Парень отпускает меня и отворачивается. Оба молчим, пока окутавшая нас тишина не делается живой и таинственной, словно волшебный зверь. И тогда Олег, по-прежнему не глядя в мою сторону, начинает читать стихи:
Будь у меня волшебный шелк чудесный,
Расшитый золотом лучей и ночи тенью,
И дымкой облаков, и синевой небесной,
Его бы я тогда без сожаления
Перед тобой на землю бросить смог,
Чтобы ты своих не замочила ног.
Но я богатств подобных не имею.
Мечты мои — вот все, чем я владею.
Изволь — я брошу их к твоим ногам.
Но ради бога, ставь стопу нежнее:
Ведь ты ступаешь по моим мечтам.
— Стихи Ульяма Йейца — не мои, — он поднимает на меня взгляд, в котором теперь нет ничего кроме нежности, — Это все, что я могу дать тебе сейчас. Больше у меня нет ничего: сам даже строчки написать не сумею. Все, что у меня есть — я украл у кого-то другого.

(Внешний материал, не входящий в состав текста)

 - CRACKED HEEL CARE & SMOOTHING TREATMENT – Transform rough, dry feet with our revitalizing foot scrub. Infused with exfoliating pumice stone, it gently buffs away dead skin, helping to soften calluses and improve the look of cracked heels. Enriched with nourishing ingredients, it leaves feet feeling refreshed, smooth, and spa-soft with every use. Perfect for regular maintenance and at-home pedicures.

— А если мне этого достаточно? — изо всех сил стараюсь, чтобы мой голос не дрожал.
— Нет, этого безумно мало, — он приближается, снова почти вжимая меня в стену, — Слишком мало, чтобы хоть чего-то стоить в этом мире.
Во мне вдруг вспыхивает обида:
— А остальные?! — пытаюсь обеими руками отпихнуть его от себя, но это все равно что толкать бетонный столб, — Им ты тоже стихи читал?! Да вся женская половина колледжа у тебя постели побывала! А я... я слишком хорошая да?! Дурак!

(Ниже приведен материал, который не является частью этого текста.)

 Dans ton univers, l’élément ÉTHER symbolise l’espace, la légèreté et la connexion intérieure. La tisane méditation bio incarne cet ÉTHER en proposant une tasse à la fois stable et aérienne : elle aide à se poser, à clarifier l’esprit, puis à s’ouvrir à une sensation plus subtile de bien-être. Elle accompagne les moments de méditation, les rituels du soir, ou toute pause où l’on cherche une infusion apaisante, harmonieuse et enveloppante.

Олег смотрит на мои неистовые попытки поколотить его с едва заметной улыбкой, и, дождавшись паузы в обвинениях, нежно, почти невесомо целует в губы, сбивая весь мой боевой задор и заставляя забыть, в чем же я еще собиралась его обвинить.
— Никому больше не читал стихов, никогда. Таким как я стихов знать не положено — разве что матерные, — он ухмыляется, — А что до остальных... Ты же в курсе, что я плохой мальчик. Так чего тут удивляться-то?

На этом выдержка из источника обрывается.